This amount was determined by considering the impact of the hypothetical interest rate on the balances of
our variable-rate debt at December 31, 2009.
Market risk for fixed-rate debt is estimated as the potential increase in fair value resulting from a
hypothetical one percentage point decrease in interest rates as of December 31, 2009, and amounts to an
increase of approximately $774 million to the fair value of our debt at December 31, 2009. We estimated
the fair values of our fixed-rate debt by considering the impact of the hypothetical interest rates on quoted
market prices and current borrowing rates.
Interest Rate Fair Value Hedges – We manage our overall exposure to fluctuations in interest rates by
adjusting the proportion of fixed and floating rate debt instruments within our debt portfolio over a given
period. We generally manage the mix of fixed and floating rate debt through the issuance of targeted
amounts of each as debt matures or as we require incremental borrowings. We employ derivatives,
primarily swaps, as one of the tools to obtain the targeted mix. In addition, we also obtain flexibility in
managing interest costs and the interest rate mix within our debt portfolio by evaluating the issuance of
and managing outstanding callable fixed-rate debt securities.
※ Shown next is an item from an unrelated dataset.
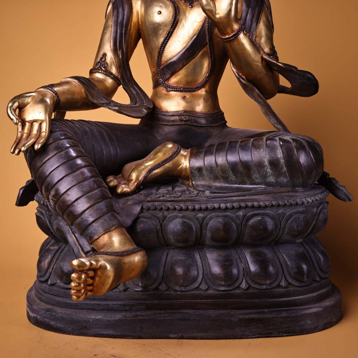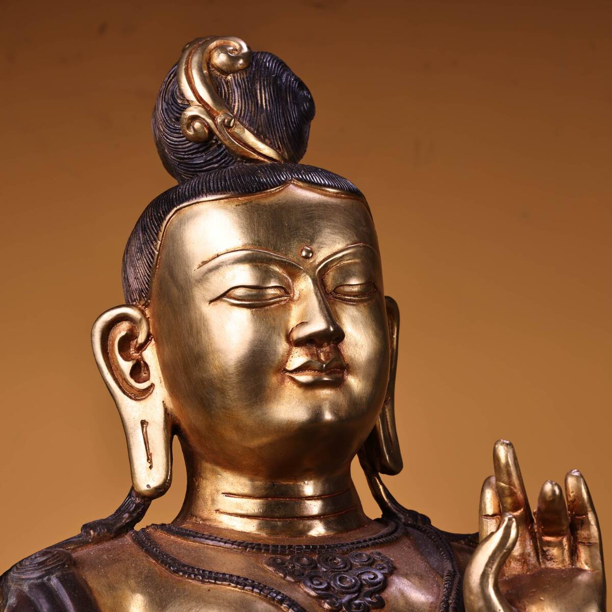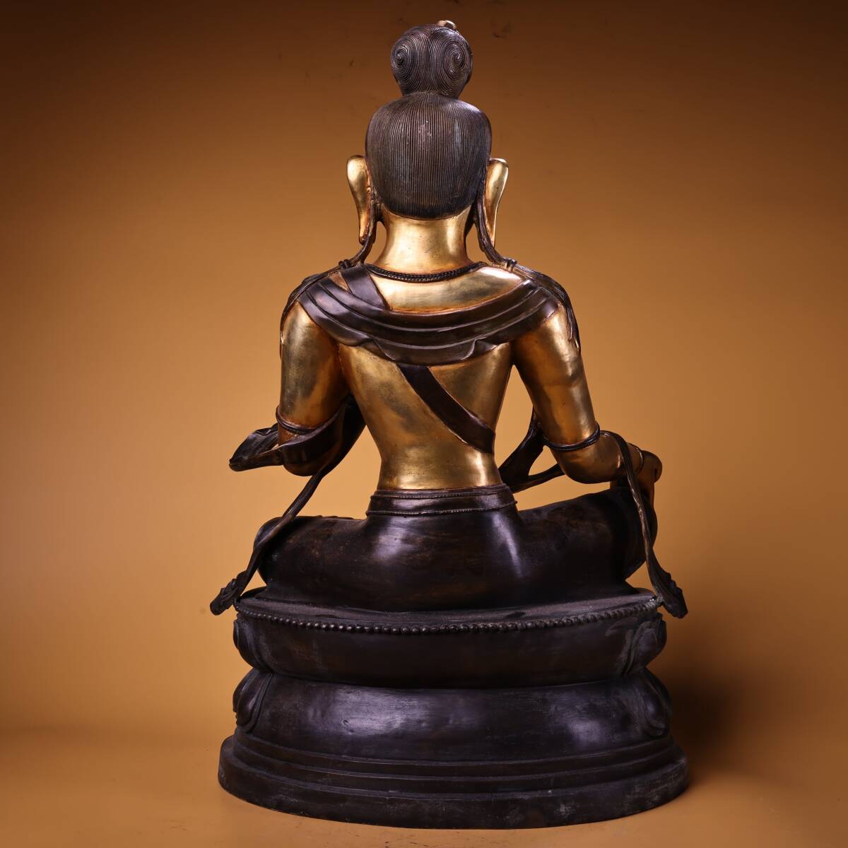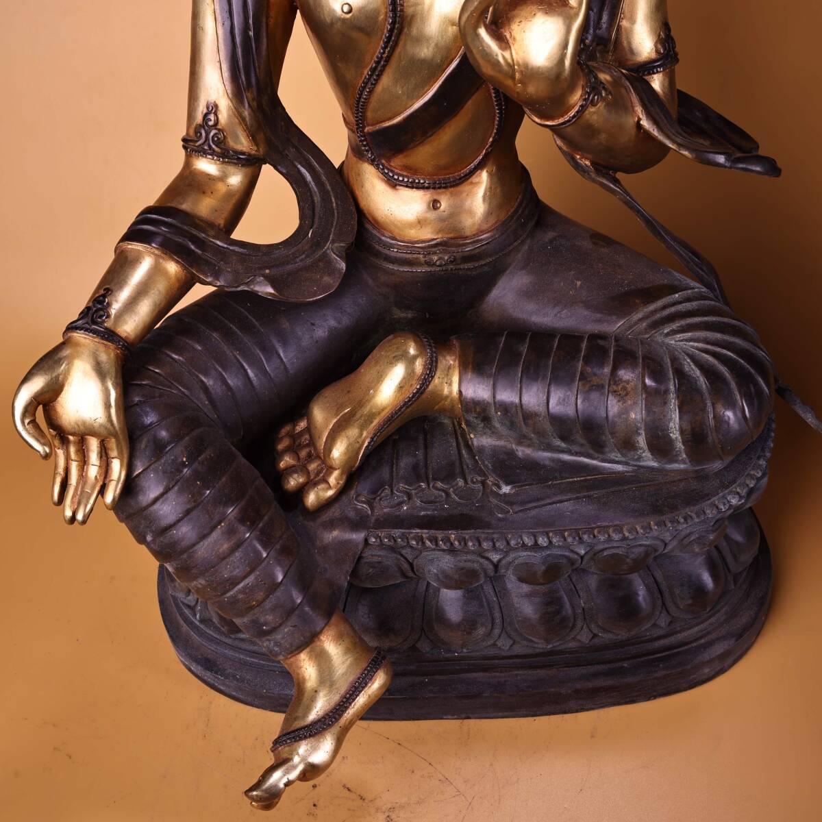*珍品旧蔵* 清 純銅 全銅 高浮彫鏨刻 塗金綠度母 仏像 奉納されていた 供養品 銅製 極細工 中国古玩 骨董品 古美味 H48
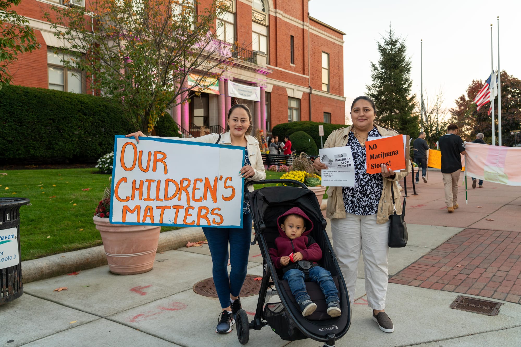 Gloria Portillo es la mamá de Jacob que tiene 2 años 6 meses, quien fue una de las últimas madres en llegar a la manifestación en contra de la apertura de las tiendas que comercializarían marihuana. Se unió al grupo al pie del City Hall, luego de salir de su trabajo, y con su pequeño hijo sentado en un cochecito comenzó a sostener una pancarta escrita en inglés que decía: “Our children´s matters” (Los asuntos de nuestros hijos). “Estoy aquí haciendo ver como residentes y madre de Riviera que no estamos de acuerdo que abran ese tipo de negocios porque en un futuro yo podría utilizar las escuelas de aquí, entonces, entre más tiendas de marihuana hayan cerca de las escuelas y de la ciudad significa que no le estamos dando prioridad a la salud de los niños, a la salud de los residentes de Revere. Y no podemos decir que es algo recreativo porque no es recreativo, es adictivo. Debemos ser más inteligentes en pensar cuál es la recreación que les beneficia a nuestros hijos y no lo que les perjudica para su salud”.

Swaps allow us to convert debt from fixed rates to variable rates and thereby hedge the risk of changes in
the debt’ s fair value attributable to the changes in interest rates. We account for swaps as fair value
hedges using the short-cut method as allowed by the Derivatives and Hedging Topic of the Financial
Accounting Standards Board (FASB) Accounting Standards Codification (ASC); therefore, we do not
record any ineffectiveness within our Consolidated Financial Statements.
Interest Rate Cash Flow HedgesWe report changes in the fair value of cash flow hedges in
accumulated other comprehensive income/loss until the hedged item affects earnings. At December 31,
2009 and 2008, we had reductions of $3 million and $4 million, respectively, recorded as an accumulated
other comprehensive income/loss that is being amortized on a straight-line basis through September 30,
2014. As of December 31, 2009 and 2008, we had no interest rate cash flow hedges outstanding.
Accounting Pronouncements In January 2010, the FASB issued Accounting Standards Update No.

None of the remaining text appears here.